Belgique

Dix-neuf quartiers militaires, de plusieurs tailles, fermeront leurs portes au cours des prochaines années dans toutes les provinces belges, à l'exception de celle de Luxembourg, a annoncé lundi un haut responsable militaire devant les commissions réunies de la Défense de la Chambre et du Sénat.

La plupart de ces fermetures auront lieu en Flandre, a précisé le lieutenant-général Hedwig Van Remoortel devant les parlementaires, réunis pour l'occasion au quartier Reine Elisabeth à Evere, qui abrite l'état-major général de l'armée, en présence de toute la hiérarchie militaires, de syndicalistes militaires et de nombreux journalistes. Il a aussi évoqué la fermeture possible d'autres «petites » installations.

Les militaires ont été simultanément informés individuellement de ces décisions par la distribution d'une brochure de 24 pages détaillant les mesures de restructuration et imprimée dans le plus grand secret.

Présentant les mesures de restructuration - longuement attendues - qu'il a prises en application du «plan stratégique de modernisation » de l'armée d'ici 2015 approuvé l'an dernier par le gouvernement, le ministre de la Défense, M. André Flahaut (PS), a souligné qu'il avait voulu préserver l' «équilibre relatif actuel » dans l'implantation régionale des unités militaires. Il a aussi rappelé la philosophie générale de ce plan, qui consiste à réduire les effectifs en quinze ans «sans licenciements » pour favoriser le rééquipement en matériel, en donnant la priorité aux unités opérationnelles.

Plusieurs installations souvent considérées comme menacées ont ainsi été préservées, comme celles de Saive (près de Liège) qui accueillera une partie des unités rapatriés d'Allemagne entre 2003 et 2006, de Diest - la garnison du 1er bataillon parachutiste - et d'Ypres, qui abrite une unité logistique.
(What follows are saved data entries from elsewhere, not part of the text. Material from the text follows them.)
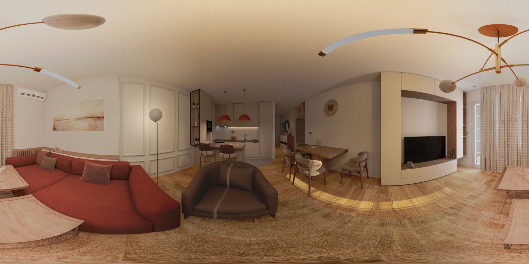 Rezultati: za prvi problem istraživanja nisu bili uspešni ni zadovoljavajućoi zbog nemogućnosti bolje dubinske percepcije prostora i parallax efekta, jer je tačka kamere odnosno korsnika u prostoru statična. Drugi problem je poprilično zadovoljavajuć jer je moguće implementiranje drugačijeg 360 rendera na platformu koju u jednoj slici prikazuje promenu svetla i osvetljenosti bez dodatnih poteza gledaoca.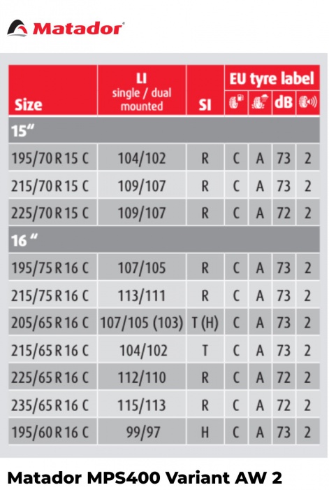 Matador MPS400 Variant AW 2 je odolná celoročná pneumatika pre dodávky a úžitkové vozidlá, ktorá ponúka istotu na mokrej vozovke, dobrý záber v zime a dlhú životnosť za výhodnú cenu.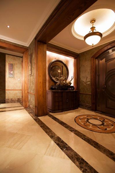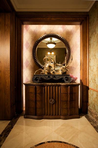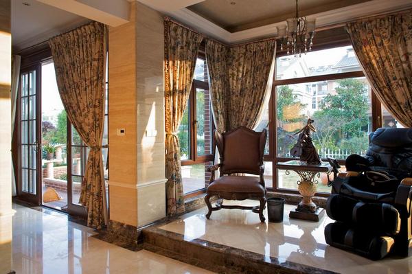 本案建筑面積300平方米,共兩層,是獨棟別墅,帶南北室外花園,是專為成功且品位優(yōu)雅的人士量身定做的。此案的空間定為美式風格。便捷、隨意、休閑時美式家居最為強調(diào)的,因此整個環(huán)境部做刻意賣弄性的無所謂的裝點,強調(diào)的是交通流線的合理,起居休閑的舒適與和諧,功能布置的實用與方便。為了提煉出整個空間層次與文化積淀,用材上考慮的都是仿舊仿古系列??v覽整個別墅,飾面板,窗簾布藝,墻紙起了不可忽視的作用,其自身獨特的花紋為這個以美式定義的空間增添了浪漫、個性、舒適、大氣的視覺美感。在家具陳列選擇上強調(diào)整體風格的統(tǒng)一、大氣、隨意、輕松。每個個體家具表現(xiàn)出來的氣質(zhì)同樣非常獨到,同時也非常配合地表現(xiàn)出懷舊與人文傳承的個性。

En province d'Anvers, trois quartiers fermeront leurs portes: ceux de Brasschaat-Oost et Weelde, ainsi que le fort de Zwijndrecht.

Dans les provinces de Brabant et en Région bruxelloise, le quartier d'Evere-Nord (face au siège de l'OTAN) occupé par de nombreuses unités de la Force aérienne, la caserne de Laeken, la caserne Panquin à Tervueren et un dépôt à Landen sont condamnés à disparaître. L'arsenal ASIAT de Vilvorde déménagera vers la caserne de Peutie toute proche.

La Flandre occidentale sera frappée par la fermeture à terme de quartiers existant à Lissewege, à Vlissegem (près de Zeebrugge) et à Ostende. L'école des sous-officiers néerlandophones installée à Zedelgem devrait fermer en 2007 lors de la création à Saffraanberg (près de Saint-Trond) d'une école interforces pour l'ensemble des sous-officiers.

En Flandre orientale, la caserne de Destelbergen fermera ses portes tout comme celle de Thuin en Hainaut.

Dans la province de Liège, deux quartiers sont condamnés: celui de Ans, abritant une compagnie de transport de la Force terrestre et Saint-Laurent.

Dans la province du Limbourg, la caserne de Helcheteren fermera ses portes tout comme le centre-radar de Glons (entre Liège et Tongres), qui appartient pourtant à la chaîne de détection et de défense aérienne de l'OTAN, en pleine modernisation.

Dans la province de Namur, seule l'école des sous-officiers francophones de Dinant sera, elle aussi, transféré à Saffraanberg, a ajouté le lieutenant-général Van Remoortel, qui a dirigé les travaux d'un groupe de travail sur la restructuration de l'armée.

De très nombreuses autres unités seront restructurées ou déménageront. Il s'agit de la compagnie Special Forces (forces spéciales) qui quittera Flawinne pour Lombardsijde (Nieuport), le 16ème bataillon d'hélicoptères qui s'installera à Coxyde sur une base devenue «interforces » après avoir troqué ses vieilles «Alouette II » pour des hélicoptères de transport entre 2007 et 2011. Le 2ème bataillon d'artillerie fera pour sa part mouvement d'Helchteren vers une partie du domaine militaire de Brasschaat maintenu.

Interrogé par les parlementaires, qui ont généralement approuvé la manière dont le ministre a fait part de ses décisions, M. Flahaut a laissé entendre qu'une concertation restait possible avec les organisations syndicales et les autorités communales des localités concernées.